The problem is as follows:

Parse a JSON array into SQL insert statements, into two tables connected by a foreign key, all in a single transaction, where upon error, only the erroneous entry is rolled back (so that there's no orphan data in the connected table).

The slight caveat is that these INSERTS are supposed to be generic (building a tool for dynamically loading user supplied data into a system).

So my solution is to begin a transaction at the beginning of a file and create a savepoint for every entry. If there's an error with that entry, transaction is rolled back to that savepoint (and the savepoint is released), if there's no error, the savepoint is released and the import continues.

Now, this works reasonably well, until there's tens or hundreds of thousands of records to insert. The first few thousand go really well, inserting between 300-400 per second, but then start to progressively slow down.

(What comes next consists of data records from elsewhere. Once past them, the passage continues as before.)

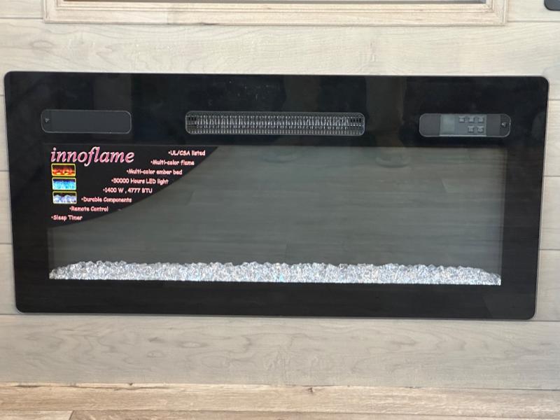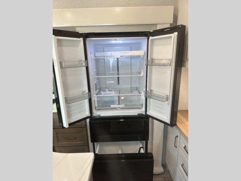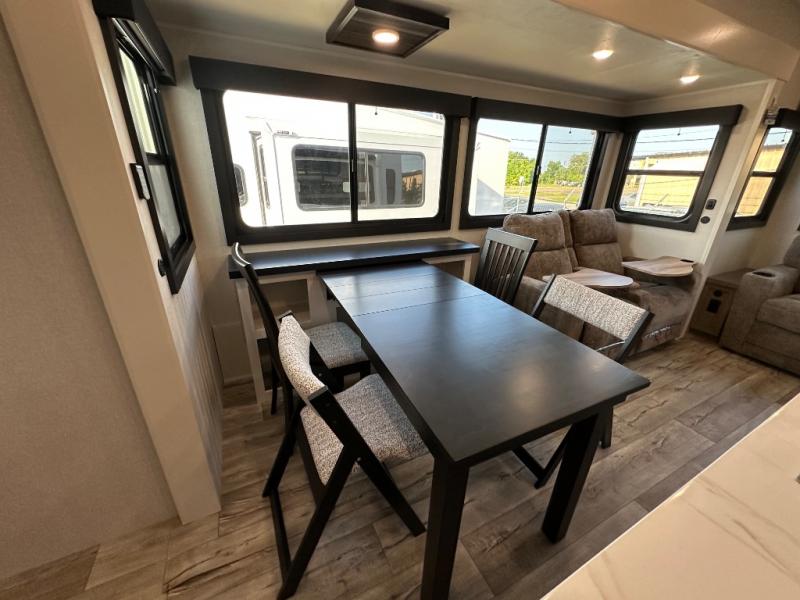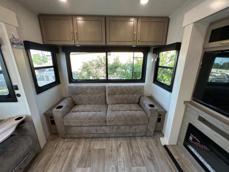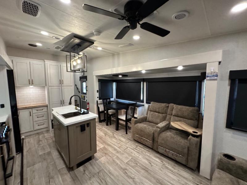 This fifth wheel with four slides is one your whole crew will love! There is a middle bedroom/den with a tri-fold sofa and a desk, allowing this room to become an office if you need it. The loft above this room will be a big hit with the little ones, and the full bath is centrally located so everyone can use it easily. You will have the front private bedroom all to yourselves with a king bed slide out, a chest with TV prep, plus washer and dryer prep in the walk-in closet. The main living area includes everything you need to relax in comfort, like the theater seats, tri-fold sofa, and entertainment center with a fireplace. The chef will enjoy the extra counter space provided by the kitchen island, and there is plenty of storage with the pantry, hutch, and 16 cu. ft. 12V refrigerator. This model even has an outside kitchen, two power awnings, and outside storage for all your gear!
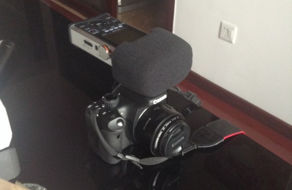 圖十二:合體圖①,手持配件不單可以用于手持,也可以配合話筒架,這么玩兒……附贈的海綿防噴罩外形并不那么好看,但是功能性是非常好的。
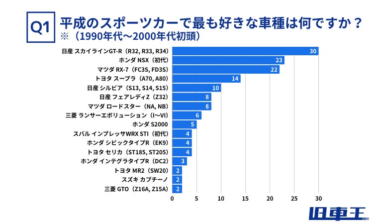 ・調査内容:Q1. 平成のスポーツカーで最も好きな車種は何ですか?※(1990年代〜2000年代初頭) Q2.Q1で選んだ平成スポーツカーの最も魅力に感じる点は何ですか?※複数選択可
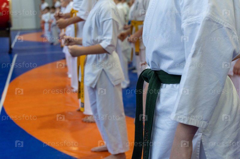 Крупный план ряда молодых спортсменов в белых кимоно каратэ со сжатыми кулаками. Фото для демонстрации или соревнования по каратэ. Концепция энергии и концентрации
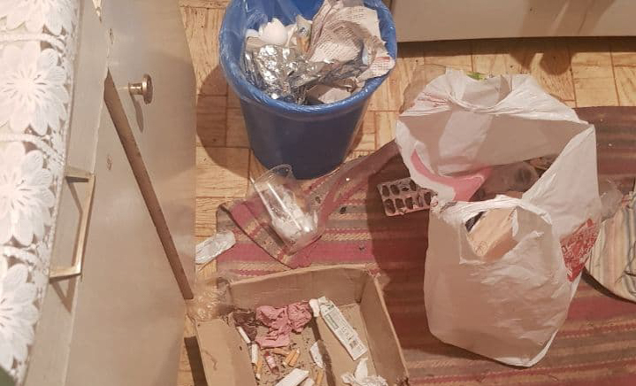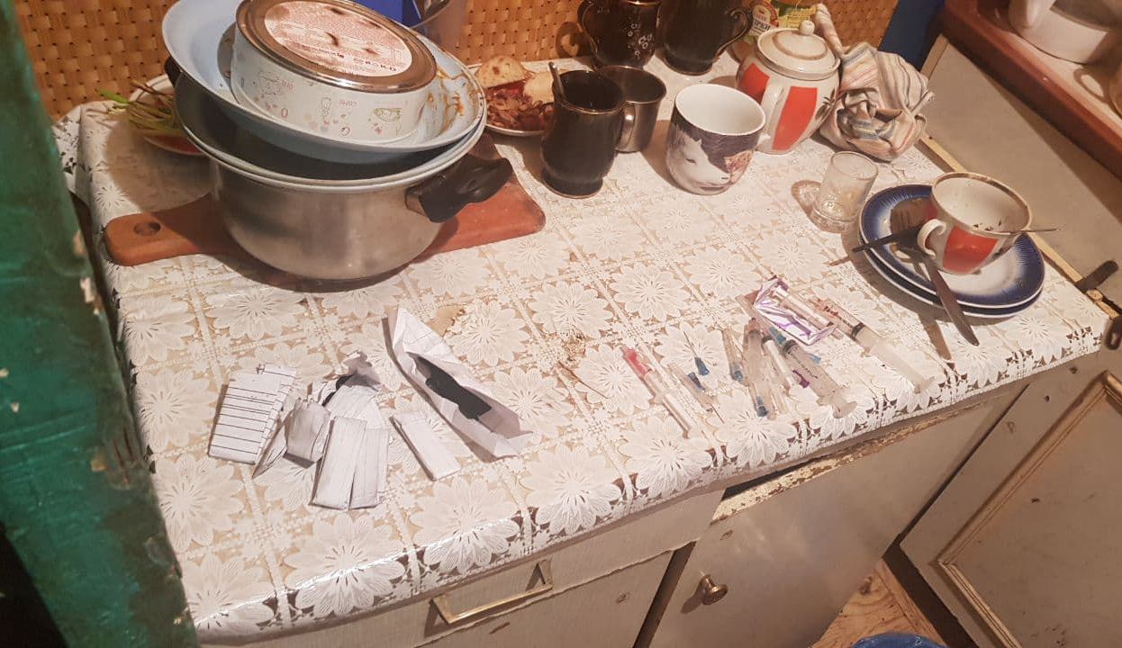 На службовий планшет наряду поліції охорони о 21-16 надійшло повідомлення про те, що з однієї із квартир Холодногірського району лунають голосні прохання про допомогу. За вказаною адресою двері квартири поліцейським охорони відчинив чоловік, який представився власником житла. В приміщенні знаходився ще один чоловік і дві жінки. Поруч із ними знаходились шприци з залишками речовини бурого кольору та згортки з речовиною хімічного походження. Санітарно-гігієнічні умови в квартирі та речі, що знаходились в ній, свідчили про те, що у приміщенні вживають наркотичні засоби не вперше.
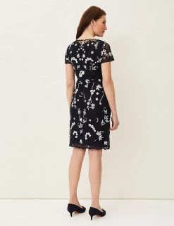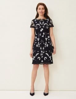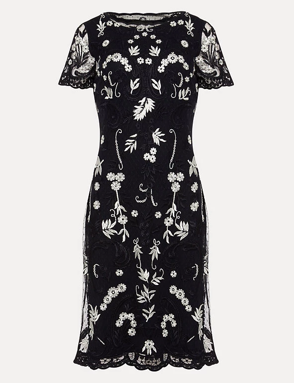 Be the belle of the garden party in this intricately embellished dress. Regular fit, in a flattering shift shape that finishes at the knee. The embroidered floral lace overlay features pretty scalloped edges at the round neck, the hem and the delicate short sleeves. It has a back zip fastening, and is fully lined for comfort.
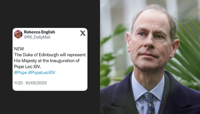 As per Daily Mail's royal editor, Rebecca English, Prince Edward will "represent His Majesty at the Inauguration of Pope Leo XIV."
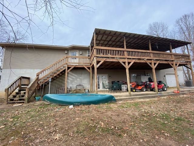 This attractive residence offers a nice blend of privacy and tranquility. Nestled on 36.5 acres, this hilltop home features 3 bedrooms, with a possible 4th bedroom/office, 3.5 bathrooms, providing ample space for both relaxation and entertainment. The property boasts a notable 3,200 sq ft of living space with beautifully arched entryways throughout the home. The large kitchen, bathed in natural light from a charming bay window, provides plenty of space for meal preparation and gatherings. The master en-suite has been remodeled to include a walk-in double shower, enhancing your daily routine with a touch of luxury. Each bedroom is equipped with walk-in closets, ensuring ample storage space for all your needs. The finished basement adds an extra dimension of living space and includes a convenient one-car garage for extra storage. Additionally, the oversized two-car garage on the ground level floor provides plenty of room for your vehicles and storage as well. Entertainment possibilities abound with a covered two-story deck and patio. The property features a mixture of pasture and woods. This home combines modern amenities with the beauty of nature, making it an ideal retreat!
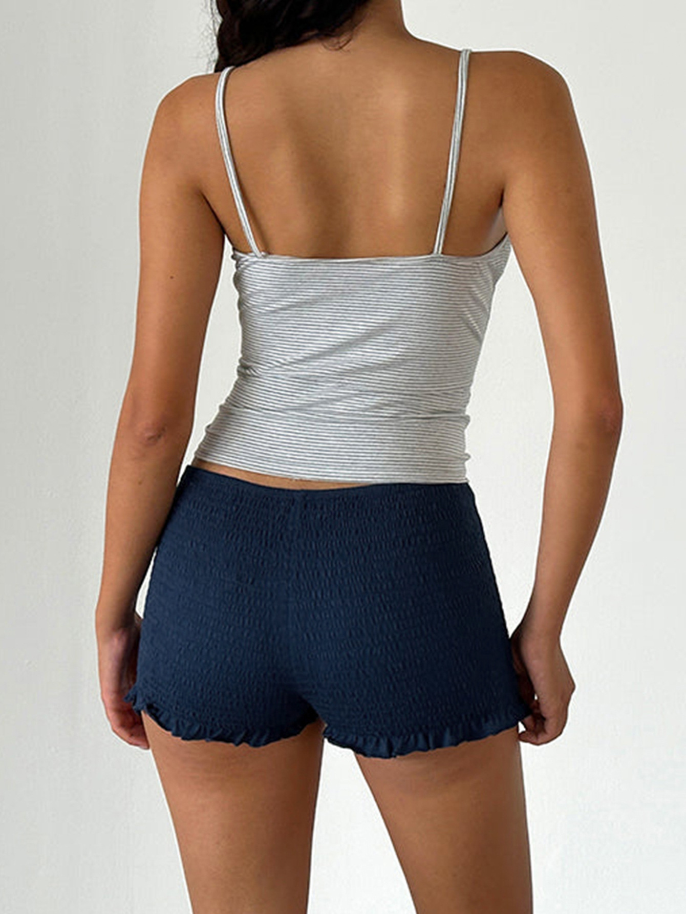 유럽과 미국 여름 여성 Y2k 솔리드 컬러 캐주얼 로우 허리 섹시한 격자 무늬 주름 프릴 울트라 짧은 바지
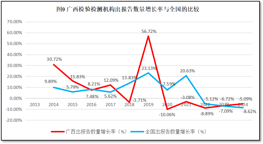 广西壮族自治区检验检测机构出具报告数量的增长率与全国检验检测机构出具报告增长率的比较如图9所示。
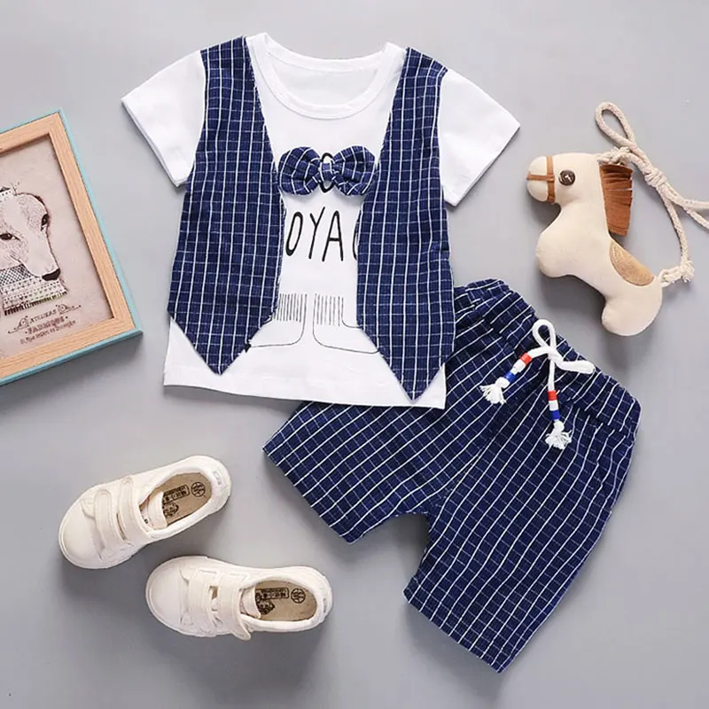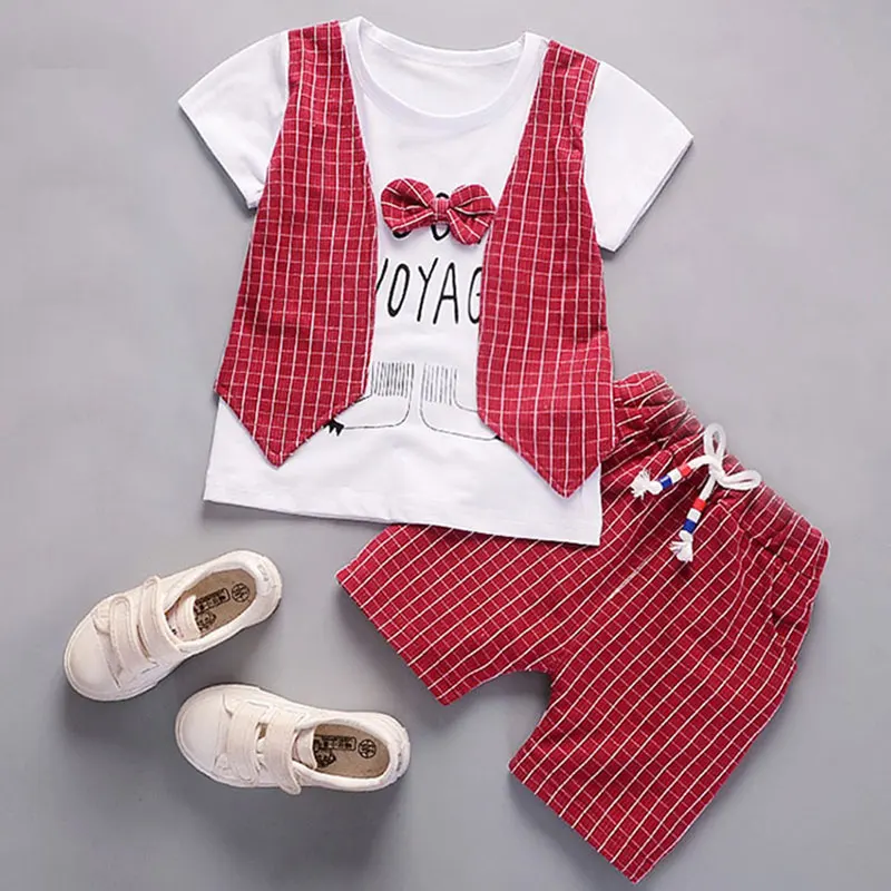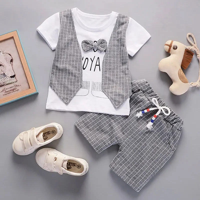 boys vest pant suit fashion casual gentleman clothing faked two pieces T shirt infant set clothes p

Done 200, rate 200/s, succeeded 200 failed 0
Done 300, rate 300/s, succeeded 300 failed 0
Done 400, rate 400/s, succeeded 400 failed 0
Done 500, rate 250/s, succeeded 500 failed 0
Done 600, rate 300/s, succeeded 599 failed 1
Done 700, rate 233/s, succeeded 699 failed 1
Done 800, rate 266/s, succeeded 799 failed 1
Done 900, rate 300/s, succeeded 899 failed 1
Done 1000, rate 250/s, succeeded 999 failed 1
Done 1100, rate 275/s, succeeded 1099 failed 1
...
Done 5200, rate 185/s, succeeded 5195 failed 5
Done 5300, rate 182/s, succeeded 5295 failed 5
Done 5400, rate 186/s, succeeded 5395 failed 5
Done 5500, rate 183/s, succeeded 5495 failed 5
...
Done 31000, rate 58/s, succeeded 30953 failed 47
Done 31100, rate 58/s, succeeded 31053 failed 47
Done 31200, rate 57/s, succeeded 31153 failed 47

So after 30.000 inserts it has slowed down to only 1/5 of what it was doing when it started. The tables are very simple tables with a few VARCHARs, few numbers, a primary key and a foreign key. There are no functions, triggers or anything else.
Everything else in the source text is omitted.